Alors que le rapport sur l'épargne salariale, remis au Premier ministre,
soulignait que "
tout renforcement de la fiscalité des options
entamerait la compétitivité des entreprises françaises
confrontées à l'internationalisation des emplois
qualifiés
"
83(
*
)
,
ces dispositions, présentées comme un compromis, ne vont pas dans
le bon sens, sauf celle qui ramène à 26 % le taux applicable
aux salariés qui conservent leurs actions pendant plus de six ans.
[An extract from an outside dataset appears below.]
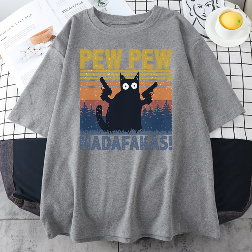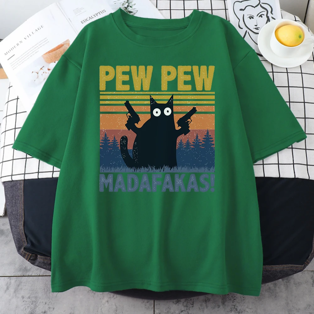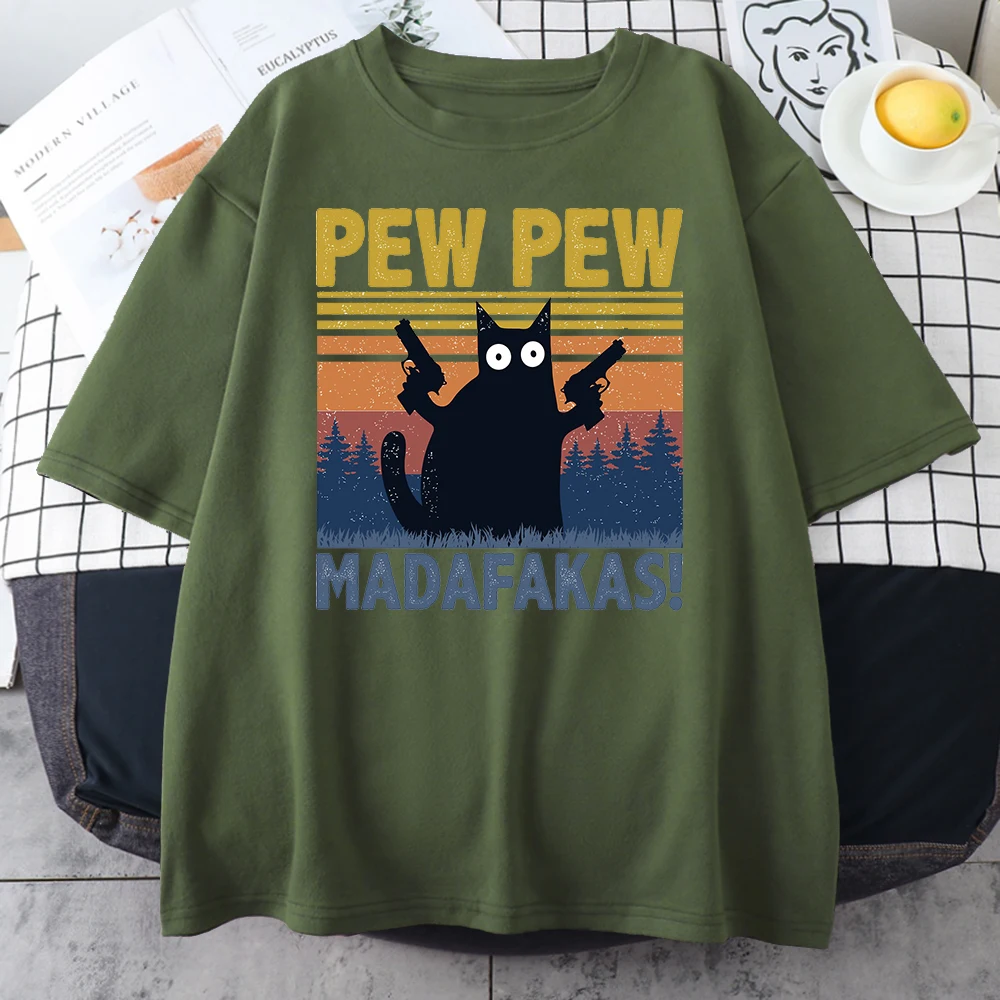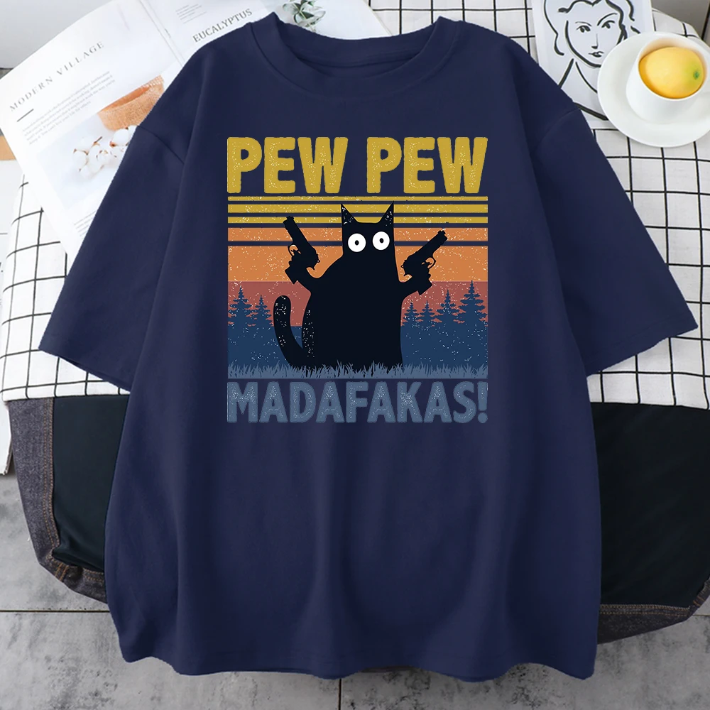 Мужская футболка Pew Madafakas, черная футболка с принтом кошек, модная брендовая футболка оверсайз для мужчин, повседневные топы с коротким рукавом

Encore ce délai est-il trois fois supérieur à celui
pratiqué dans les pays anglo-saxons.
La réglementation française sur les stock-options est d'autant
plus décalée que nos partenaires européens ont eu
récemment tendance à libéraliser leur propre
législation. Ainsi l'Italie a-t-elle adopté un des régimes
les plus favorables au monde, la taxation des plus-values étant
fixée, selon les cas, à 12,5 % ou à 27 %. La
Belgique a nettement amélioré celui qui avait été
mis en place en 1984, l'assiette de l'imposition pouvant être
ramenée à moins de 4 % pour un taux d'imposition marginal de
55 %, système d'autant plus favorable que l'action connaît
une plus forte progression. Au Royaume-Uni, le Gouvernement vient
d'exonérer de tout impôt le personnel d'encadrement des start-ups
dans la limite d'un certain plafond. Une fois réalisées, les
plus-values seraient définitivement taxées à un taux de
10 % au lieu du taux marginal de l'impôt sur le revenu de 40 %.
La plupart des pays ont donc pris des dispositions favorables à la
création d'entreprises innovantes. Celles adoptées en France,
pour utiles qu'elles soient, sont par comparaison souvent moins avantageuses.
Cette situation explique que de nombreux entrepreneurs continuent de
développer leurs projets à l'étranger.